Как следствие анализа всех этих идей, термин «постграмотность» мы употребляем как «понятие, характеризующее 1) качество субъекта культуры, его сложную систему возможностей прочесть все разновидности текстов, порожденных культурой, то есть их воспринять, декодировать и интерпретировать, или наличие грамотности в отношении различных выработанных в истории культуры языков (вербальных, художественных, научных, машинных) и медиа (дописьменных, письменных, аналоговых и цифровых); 2) определенный этап в развитии культуры, когда все исторические формы грамотности стали сосуществовать, а инструментально-функциональные формы грамотности стали нуждаться в дополнении в процессе всей жизни человека самыми широкими знаниями и компетенциями в сфере культурной общественной жизни» [1].

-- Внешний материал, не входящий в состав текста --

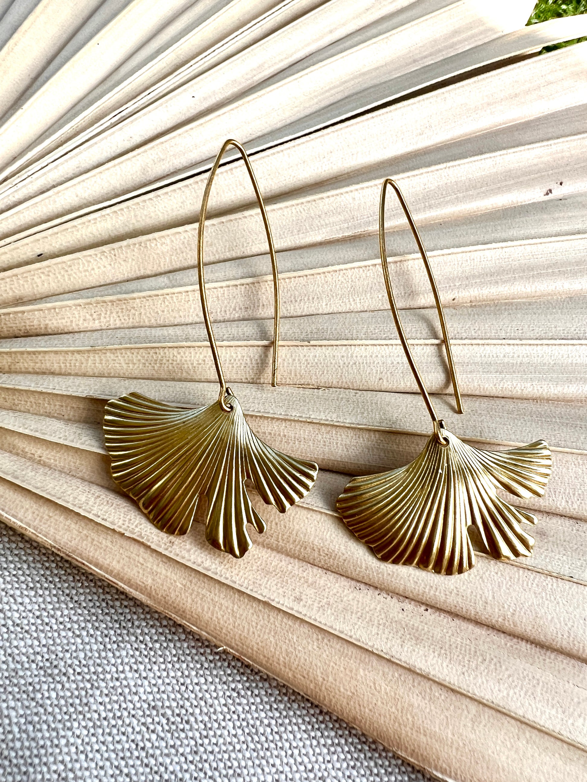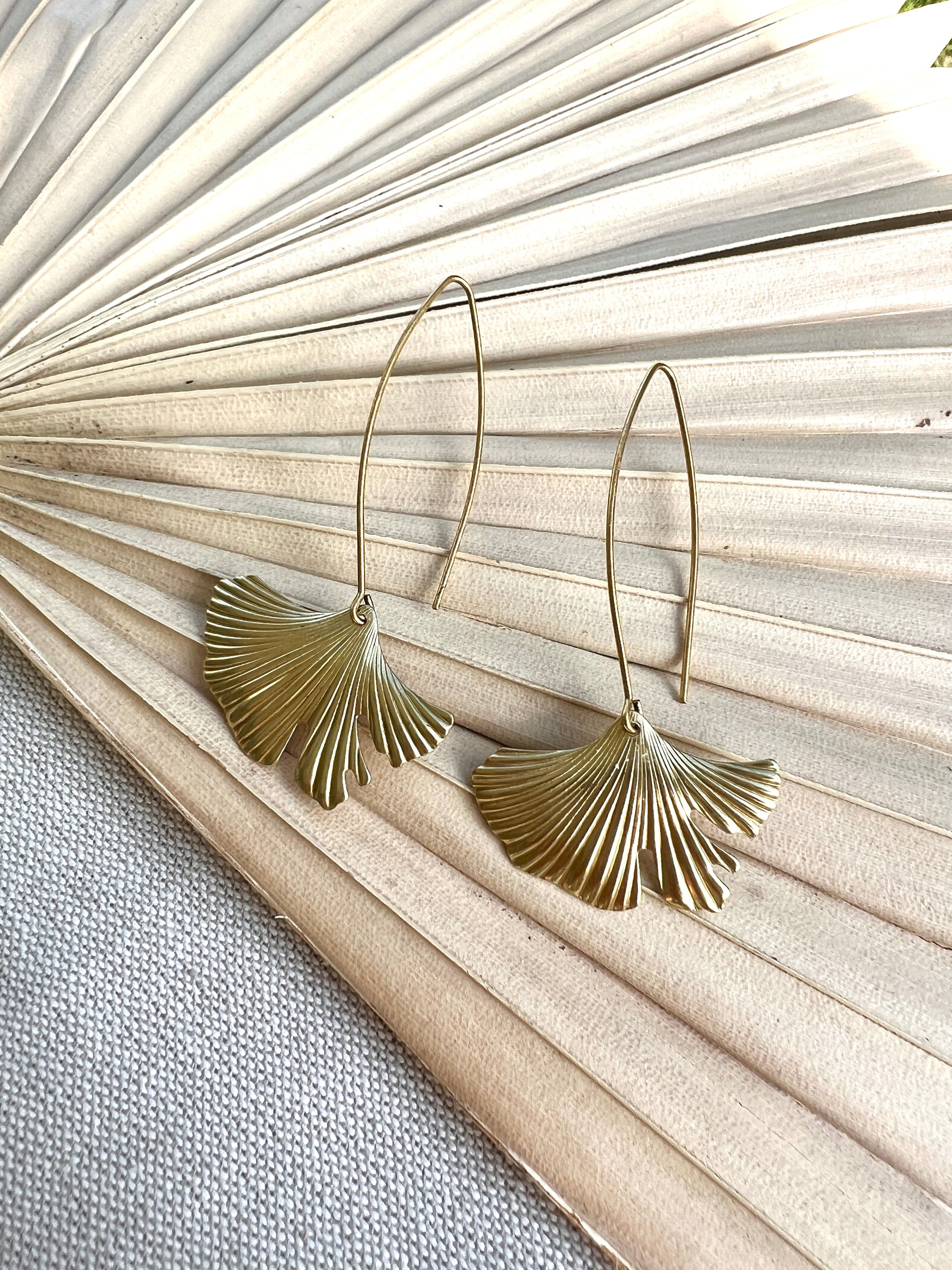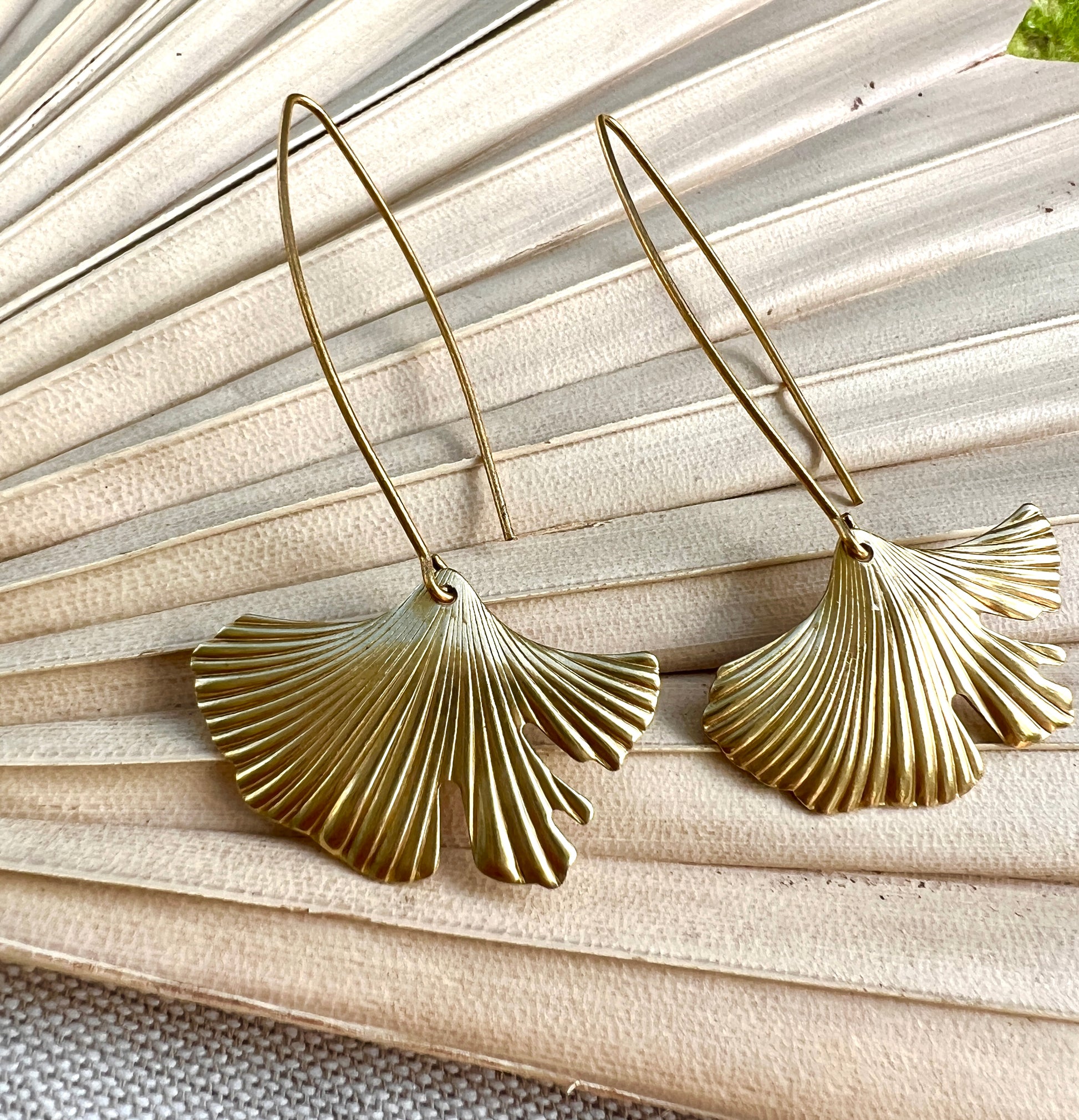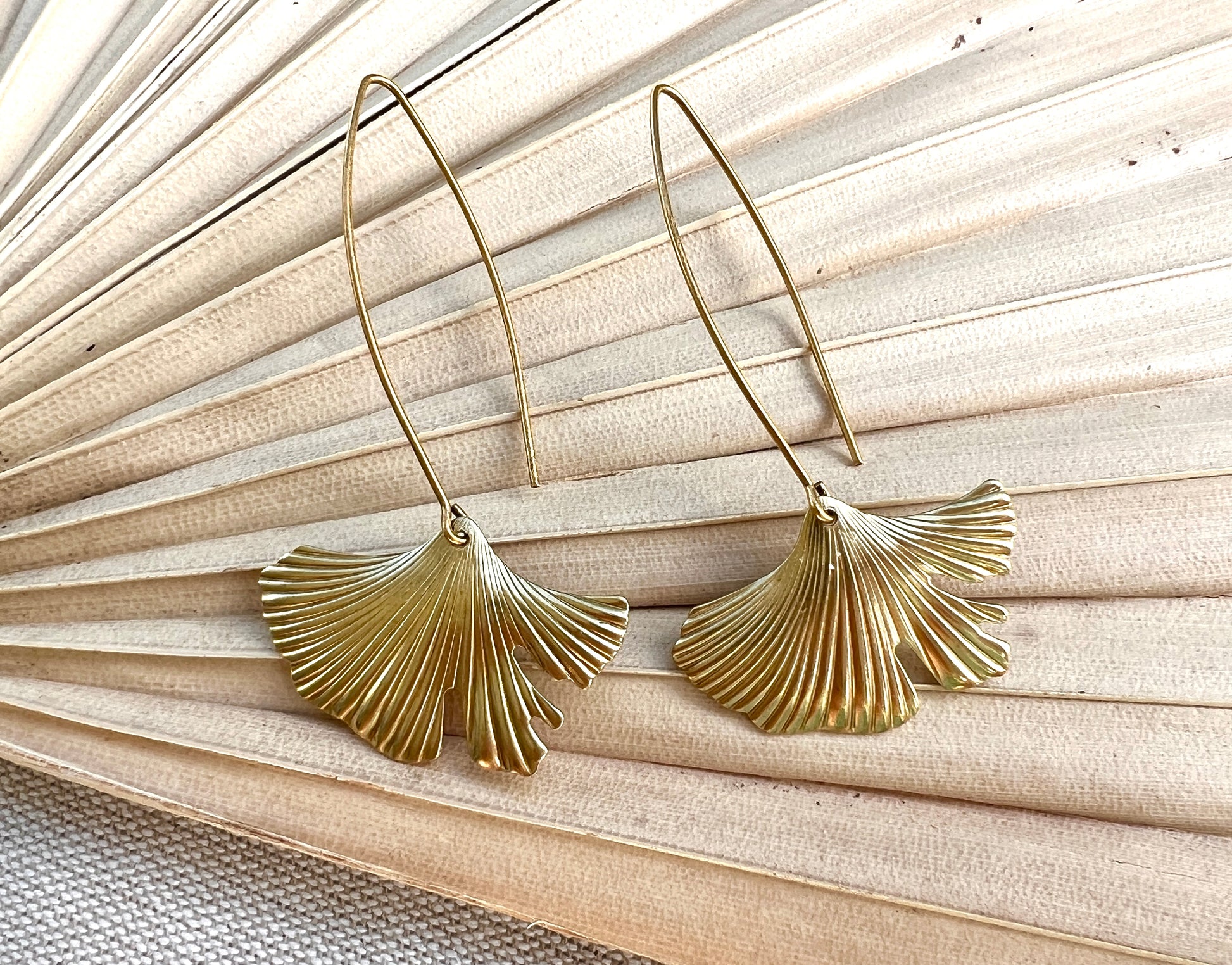These are elegant, light weight earrings. Brass Ginkgo Charms are attached to 24k gold plated ear wires. Earrings from top of wire to base of charm, measure 2 1/2" and are 11/4" at the widest point.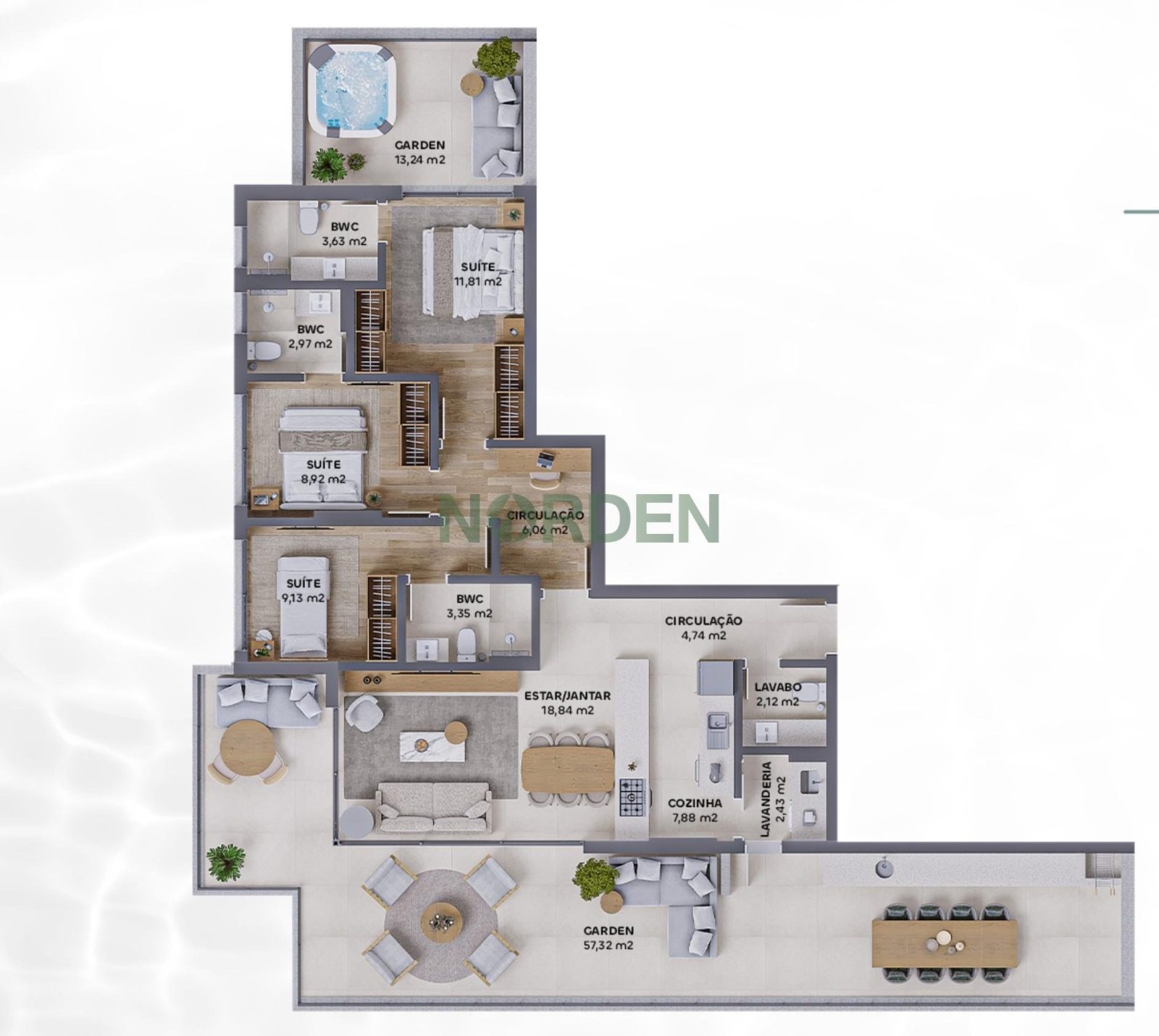 Para quem sonha com a amplitude de uma casa e a praticidade de um apartamento, a Unidade Garden 201 é simplesmente única.

Концепция постграмотности в качестве теоретической рамки моделирования полилингвального образования как культурного феномена значима тем, что она позволяет не только понять и объяснить современное состояние языкового образования, но и выполнить прогнозирование того, в каком направлении будет развиваться полилингвальное образование в ближайшее время. Прежде всего концепция постграмотности освобождает исследователя от ретро-дискурса (каким было обучение языкам, когда чтение и письмо были ведущими средствами передачи знаний) и дает возможность рассматривать полилингвальное образование в футуро-дискурсе — каким владение различными вербальными и невербальными языками и их использование станет в перспективе, как оно будет меняться по мере развития цифровой экономики и становления широкого спектра профессий, основанных на операциях написания и считывания программ и алгоритмов человеком и машиной.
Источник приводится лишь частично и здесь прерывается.